**Task prompt:**
What follows is a listing to transcribe exactly, leaving the pictures out.

**Stored data:**
-- Opening Marker --

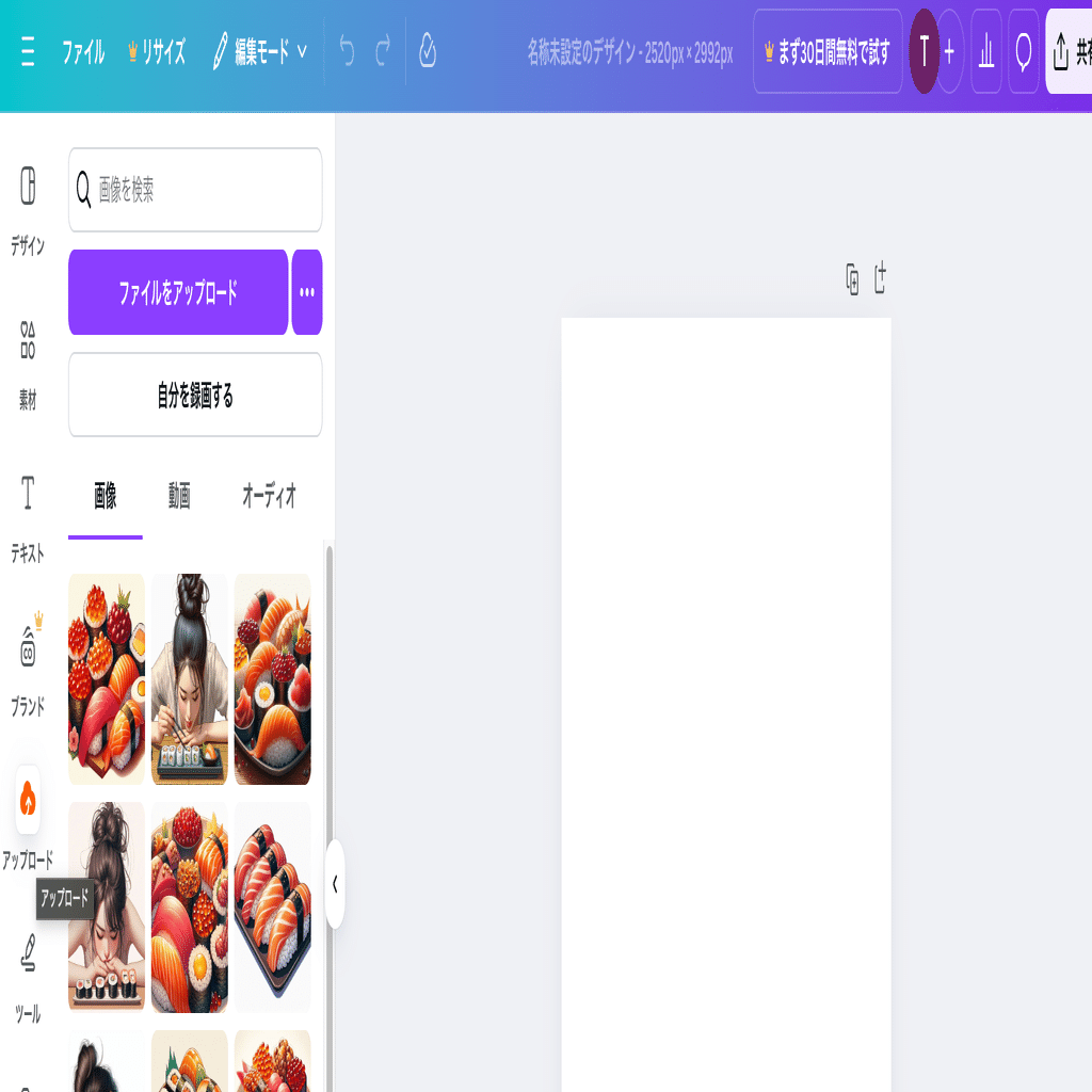 先ほど、手順1で生成し、ダウンロドした画像を、canvaにアップロードします。
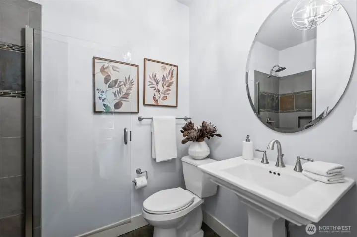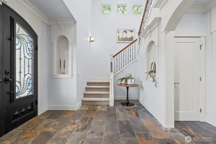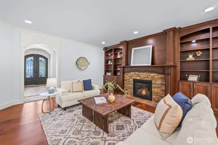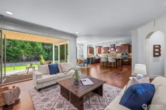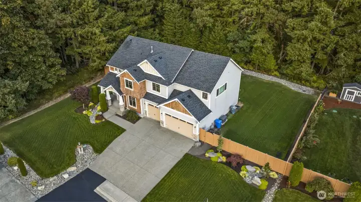 Tucked within the gated community of Trinity Ridge, this Rosedale residence stands apart for its rare combination of sophisticated functionality and genuine comfort. Occupying one of the neighborhood's premier lots, the home offers a flat, fully fenced yard that remains remarkably private against a lush wooded backdrop. The interior is defined by an inviting, cohesive palette of rich wood tones and soft natural light. The spacious great room is designed for relaxation, featuring a signature Nano Wall and additional slider that merge the living space with a coveted PNW covered patio. This outdoor retreat, complete with a gas fireplace offers a quiet space to unwind regardless of the season. The kitchen is a central hub, anchored by a massive 60-inch refrigerator/freezer and expansive island. The primary suite is a generous, quiet oasis, positioned at the rear of the home to maximize privacy. Versatility is provided by a main-floor bedroom and adjacent 3/4 bath, along with a bright, vaulted bonus room upstairs. Meticulously equipped, the home features a supersized 5-car garage with new epoxy floors, a whole-house automatic generator, and a comprehensive water filtration system. Perfectly located just minutes from the Cushman Trail, local parks, and the downtown Gig Harbor waterfront, this property offers a refined lifestyle where every detail—from the warm aesthetics to the high-end infrastructure—has been thoughtfully considered
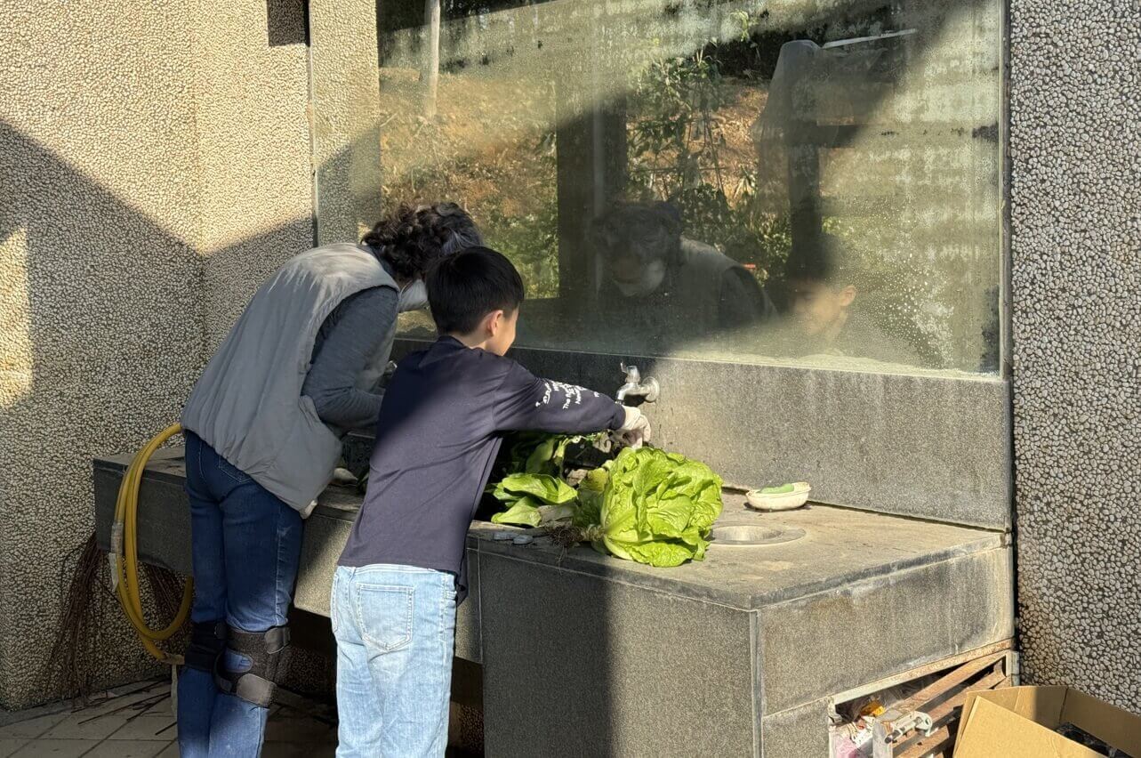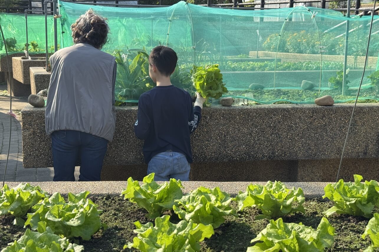 ↓奶奶帶著孫子摘菜收成,享受天倫之樂。

-- Closing Marker --

**Your response:**
 先ほど、手順1で生成し、ダウンロドした画像を、canvaにアップロードします。
 Tucked within the gated community of Trinity Ridge, this Rosedale residence stands apart for its rare combination of sophisticated functionality and genuine comfort. Occupying one of the neighborhood's premier lots, the home offers a flat, fully fenced yard that remains remarkably private against a lush wooded backdrop. The interior is defined by an inviting, cohesive palette of rich wood tones and soft natural light. The spacious great room is designed for relaxation, featuring a signature Nano Wall and additional slider that merge the living space with a coveted PNW covered patio. This outdoor retreat, complete with a gas fireplace offers a quiet space to unwind regardless of the season. The kitchen is a central hub, anchored by a massive 60-inch refrigerator/freezer and expansive island. The primary suite is a generous, quiet oasis, positioned at the rear of the home to maximize privacy. Versatility is provided by a main-floor bedroom and adjacent 3/4 bath, along with a bright, vaulted bonus room upstairs. Meticulously equipped, the home features a supersized 5-car garage with new epoxy floors, a whole-house automatic generator, and a comprehensive water filtration system. Perfectly located just minutes from the Cushman Trail, local parks, and the downtown Gig Harbor waterfront, this property offers a refined lifestyle where every detail—from the warm aesthetics to the high-end infrastructure—has been thoughtfully considered
 ↓奶奶帶著孫子摘菜收成,享受天倫之樂。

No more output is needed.